Facebook Portal

Facebook:

Stay and feel connected to the people you love most. Portal feels less like a video call and more like you’re in the same room — even when you’re miles apart.

There were a lot of people dismissing this product outright because of vague allusions to privacy. I think that tone is pretty lazy. I don’t think anyone in the tech industry would argue that Facebook is an angel of customer data, but upmost privacy is just one tenet of modern technology. Millions, billions, of people use Facebook, Twitter, Google, and the rest. Passing data to companies in exchange for services is a reality that people accept implicitly, and even if you tell them, few care enough to quit. When it comes down to it, people don’t care.

When a normal person sees a Portal, I don’t think they are going to turn a blind eye to it because of the existential fears of personal data exploitation. There are a handful of reasons why this product is going to fail in the market, but I don’t see privacy worries as a legitimate death-on-arrival poison.

I don’t like the trend of glossing over announcements from companies not called Apple, because they all suck at protecting customer privacy. I respect Apple’s privacy commitments at roughly the same level that I respect their environmental achievements. Both are good things to do, but when it comes down to it, the features and functionality is what truly matters in whether I consider a product as ‘good’.

The key marketing point that Facebook is pushing here is video calls, through Messenger. I don’t get it. It just seems so much easier to talk on something that you can hold in your hand — be it a phone, tablet, or laptop in your lap — that you can freely move around with. When I’m on the phone at home, I almost always end up walking around during the course of the conversation. Phones let you angle the camera just how you like to and you can flip the camera around in a pinch to show what you are seeing (iOS 12 FaceTime redesign notwithstanding). The Portal is fixed in place with a single lens. The camera intelligently pans and zooms so you can walk around a room and have it follow you, but what if your kid on the floor starts doing something cute, or you have to rush upstairs? The form factor is inherently limiting.

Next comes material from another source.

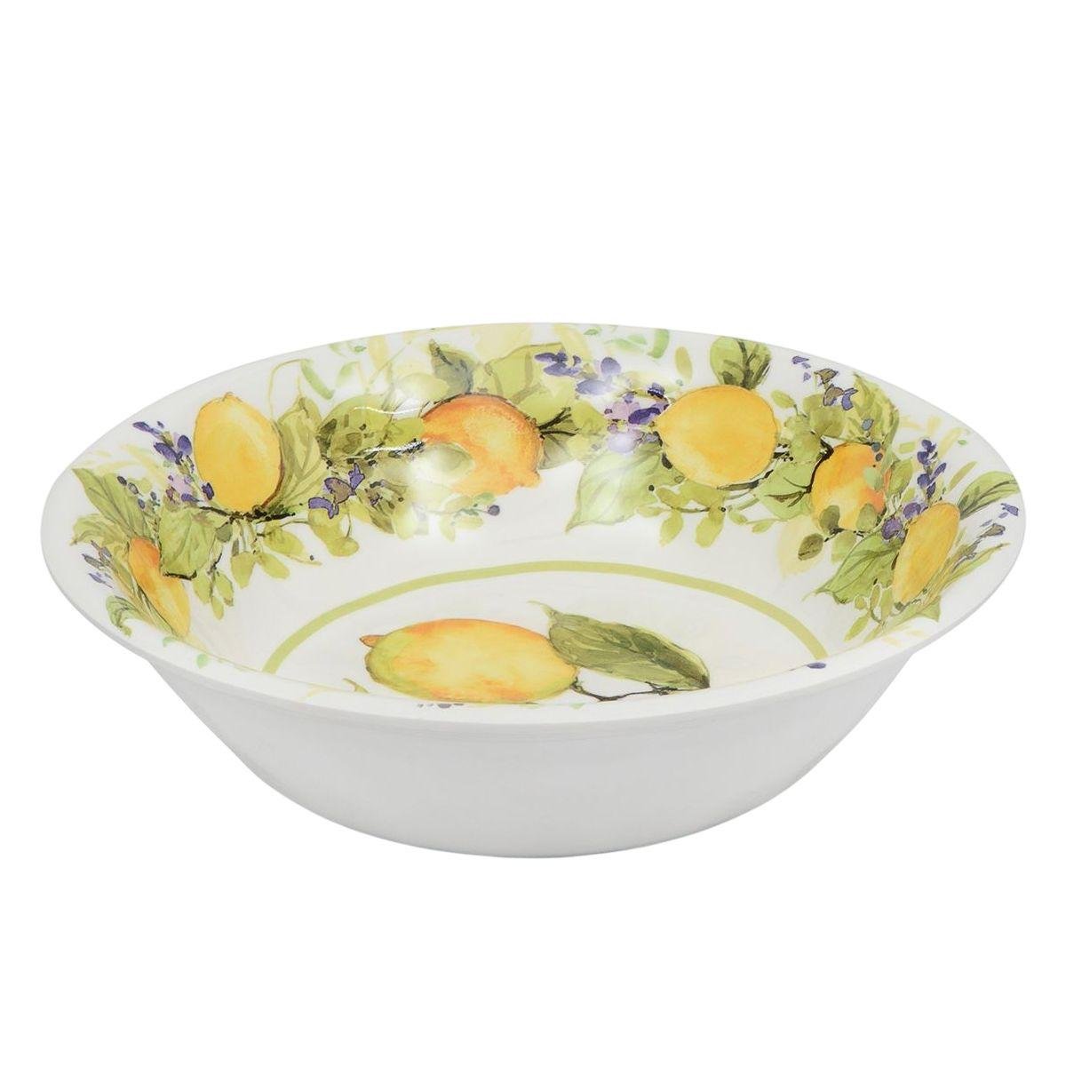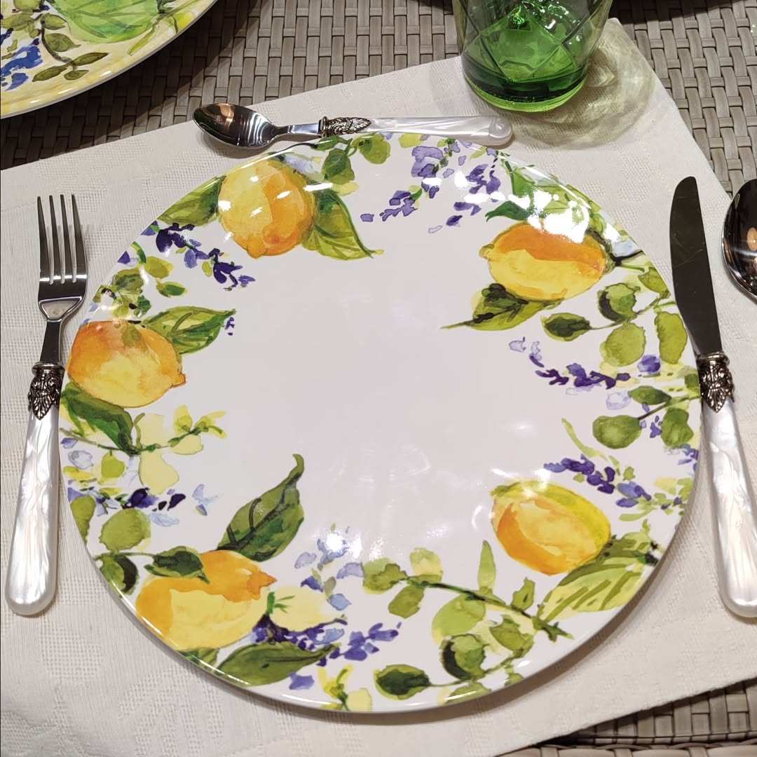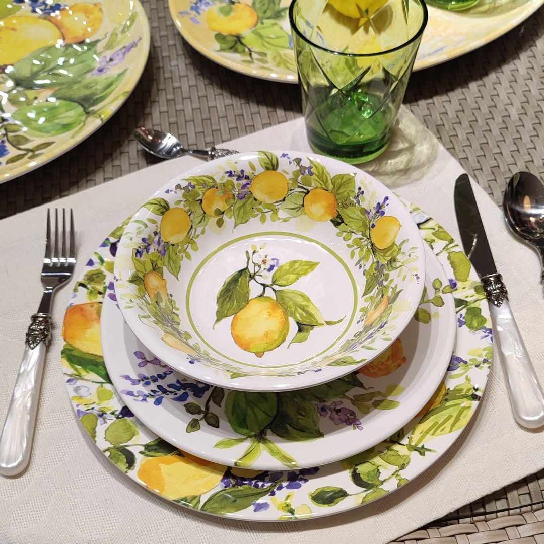 Столовый сервиз «Аромат Лимона» от Certified International рассчитан на 4 персоны и включает обеденные, десертные и суповые тарелки из прочного меламина. Яркий лимонный узор на белом фоне создаёт солнечное настроение и оживляет любую сервировку. Материал не содержит бисфенола, устойчив к ударам и идеально подходит для ежедневного использования. Такой сервиз станет ярким акцентом на столе и подарит ощущение лета в любое время года. Прекрасный выбор для тех, кто ценит красоту, комфорт и позитивную атмосферу за ужином. Тарелки допускается мыть в посудомоечной машине при температуре не выше +70°, но их нельзя использовать в духовке или микроволновой печи. Также не стоит применять абразивные средства и жёсткие губки, чтобы не повредить поверхность.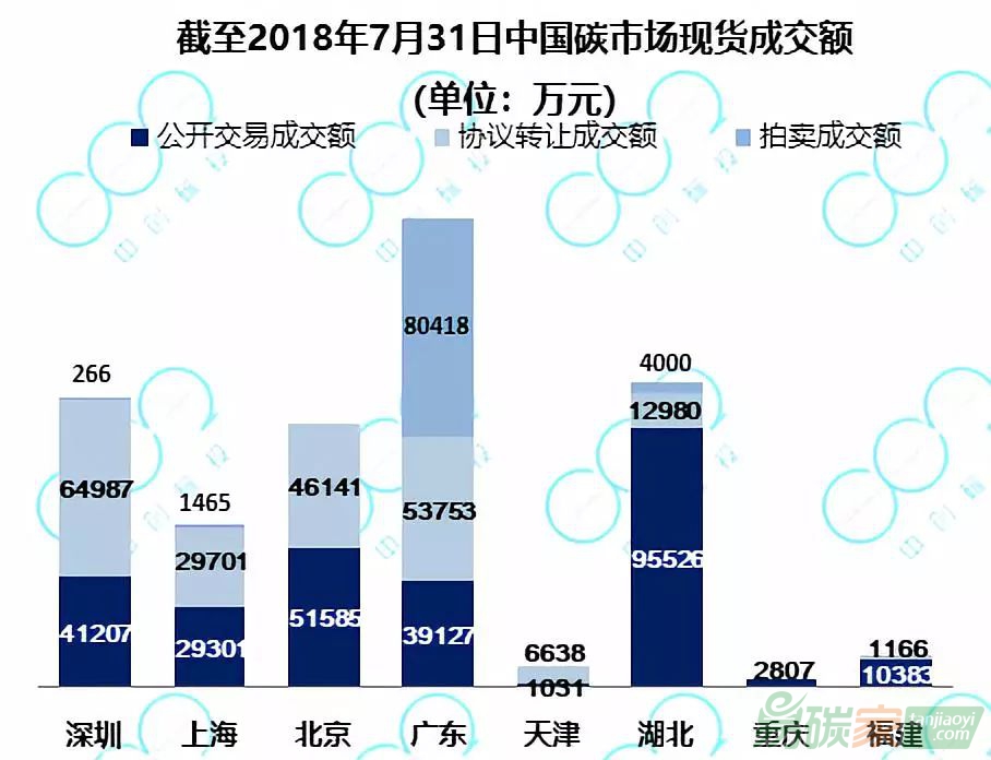 截至2018年7月31日,一、二級(jí)現(xiàn)貨市場(chǎng)累計(jì)成交2.57億噸,成交額57.25億元。廣東、湖北成交量最高,位于第一梯隊(duì);深圳、上海、北京位于第二梯隊(duì);而天津、重慶、福建的成交量相對(duì)較低,位于第三梯隊(duì)。

Facebook is also being pretty stubborn out of the gate with reigning in the software potential of the Portal. You don’t have an app store, so you can only use apps that Facebook partners with, and Alexa is limited in some ways too. You can only do video messages with Messenger, you can’t dictate texts. There’s no YouTube or Netflix. There’s simply not that much to show on its screen. The HomePod is similarly limited and clearly hasn’t set the world on fire. Nevertheless, the HomePod’s core feature — playing Apple Music and sounding good — is far more compelling than the Portal’s video chat offering.

The biggest blocker is just the aesthetics of the object itself. The ‘small’ 10-inch model looks like a checkout kiosk; the Echo Show and the newly-announced Google Home Hub have the same problem. The big 15-inch one is subjectively ugly and objectively big. It is really hard to find a place in your lounge or kitchen where you can put a 15-inch screen on a pedestal, that isn’t in the way but also close enough to actually be able to use the screen and have the camera pointed in the right direction.

Screen-less smart speakers are much more flexible in that regard, as they do not demand line-of-sight human attention. In contrast, an Echo cylinder or HomePod can be placed out of the way on a cabinet or shelf and it is fine. I love visual user interfaces but the intrusiveness of these smart screen devices is a huge barrier to adoption.

For a while now, I have had vague ideas about a smart screen product that can hang on the wall, like a tall mirror or maybe a wall clock. Imagine an Apple Watch that hangs on the wall; because it wouldn’t need to show so much text, it could even be round. I wish Amazon or someone would explore a product like that. Amazon have recently announced an Echo-branded wall clock but it’s not a smart screen; it’s a standard clock with some LEDs around the dial.